[Prompt]:
With all images left out, restate the records below exactly as written.

Records from a dataset

· · ·

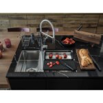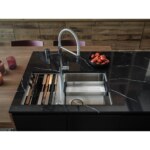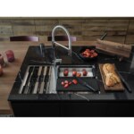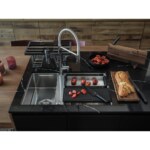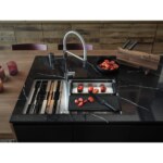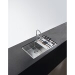 Nerezový drez Box Center. Jednoducho kombinovateľné, skvelé organizované. Box Center je inteligentné a vysoko praktické riešenie s krásnym a presvedčivým dizajnom. Dva jedinečne zlúčené drezy ponúkajú priestor pre skladovanie a sušenie často používaných kuchynských doplnkov, ktoré sú uložené priamo tam, kde ich najviac potrebujete. Cena zahŕňa: Doplnky: Miska, drevená prípravná doska, plastová prípravná doska, 3 nože vr. dreveného držiaku, odkvapkávač na riad, veko. Easy Click sitkový ventil 3 1/2 “ s prepadom a nerezovou krytkou ventilu. Sitkový ventil 3 1/2“ s prepadom. Sifón pre úsporu miesta 6/4“ s odbočkou na umývačku riadu. Otvor pre batériu ∅ 35 mm a pre excenter ∅ 35 mm.
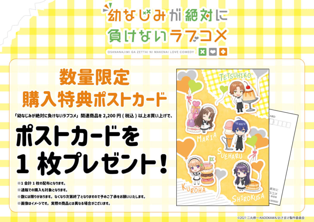 『幼なじみが絶対に負けないラブコメ』関連商品を2,200円(税込み)以上お買い上げで、ポストカードを1枚プレゼント。
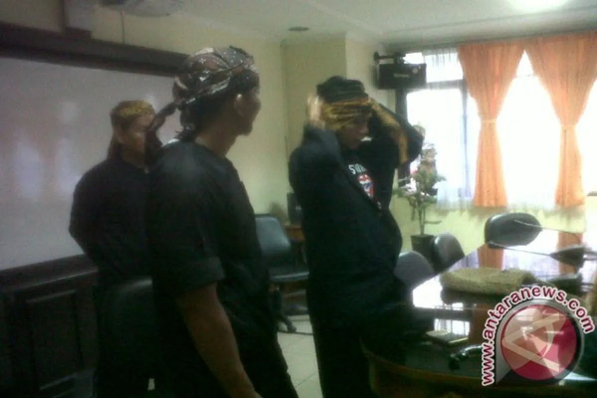 Ketua DPRD praktekkan cara pake totopong "Rebo Nyunda". (Foto Antara/ Laily Rahmawati)
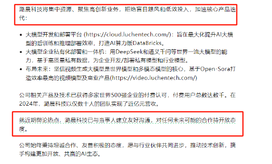 仟茂科技讯 3月5日上午消息,在公司创始人尤洋与硅基流动创始人袁进辉发生激烈“网络骂战”并引发舆论热议多日后,潞晨科技今日发布展望公告称,“潞晨科技已与当事人建立友好沟通,对任何未来可能的合作持开放态度。” 数天前,DeepSeek官方公布线上系统理论成本利润率达545%。但几乎在同一时间,潞晨科技突然宣布暂停DeepSeek API访问服务。而在公司暂停DeepSeek API服务一事被认为是引发热议后,尤洋也在回应硅基流动创始人袁进辉的过程中言辞过激,陷入了更深的舆论风波中。 据潞晨科技今日公告,“公司始终重视自主创新、知识产权和开源社区的规范,下一步将集中资源、聚焦高创新业务,拒绝盲目跟风和低效投入,加速核心产品迭代。”(文猛) 责任编辑:江钰涵 (责任编辑:张晓波 )
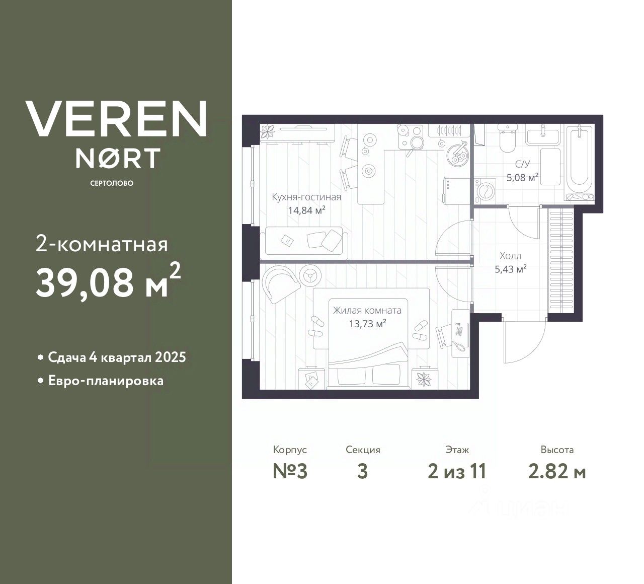 Однокомнатная квартира от застройщика в Veren Nort Сертолово на 2 этаже. Квартира без отделки, полностью готова к чистовой отделке и дальнейшему ремонту. Общая площадь: 39.08 кв.м., жилая: 13.73 кв.м., площадь просторной куxни-гостиной: 14.84 кв.м. Все окна выходят на одну сторону. В квартире один совмещенный санузел. Высота потолков 2.82 м.

· · ·

[Reply]:
 Nerezový drez Box Center. Jednoducho kombinovateľné, skvelé organizované. Box Center je inteligentné a vysoko praktické riešenie s krásnym a presvedčivým dizajnom. Dva jedinečne zlúčené drezy ponúkajú priestor pre skladovanie a sušenie často používaných kuchynských doplnkov, ktoré sú uložené priamo tam, kde ich najviac potrebujete. Cena zahŕňa: Doplnky: Miska, drevená prípravná doska, plastová prípravná doska, 3 nože vr. dreveného držiaku, odkvapkávač na riad, veko. Easy Click sitkový ventil 3 1/2 “ s prepadom a nerezovou krytkou ventilu. Sitkový ventil 3 1/2“ s prepadom. Sifón pre úsporu miesta 6/4“ s odbočkou na umývačku riadu. Otvor pre batériu ∅ 35 mm a pre excenter ∅ 35 mm.
 『幼なじみが絶対に負けないラブコメ』関連商品を2,200円(税込み)以上お買い上げで、ポストカードを1枚プレゼント。
 Ketua DPRD praktekkan cara pake totopong "Rebo Nyunda". (Foto Antara/ Laily Rahmawati)
 仟茂科技讯 3月5日上午消息,在公司创始人尤洋与硅基流动创始人袁进辉发生激烈“网络骂战”并引发舆论热议多日后,潞晨科技今日发布展望公告称,“潞晨科技已与当事人建立友好沟通,对任何未来可能的合作持开放态度。” 数天前,DeepSeek官方公布线上系统理论成本利润率达545%。但几乎在同一时间,潞晨科技突然宣布暂停DeepSeek API访问服务。而在公司暂停DeepSeek API服务一事被认为是引发热议后,尤洋也在回应硅基流动创始人袁进辉的过程中言辞过激,陷入了更深的舆论风波中。 据潞晨科技今日公告,“公司始终重视自主创新、知识产权和开源社区的规范,下一步将集中资源、聚焦高创新业务,拒绝盲目跟风和低效投入,加速核心产品迭代。”(文猛) 责任编辑:江钰涵 (责任编辑:张晓波 )
 Однокомнатная квартира от застройщика в Veren Nort Сертолово на 2 этаже. Квартира без отделки, полностью готова к чистовой отделке и дальнейшему ремонту. Общая площадь: 39.08 кв.м., жилая: 13.73 кв.м., площадь просторной куxни-гостиной: 14.84 кв.м. Все окна выходят на одну сторону. В квартире один совмещенный санузел. Высота потолков 2.82 м.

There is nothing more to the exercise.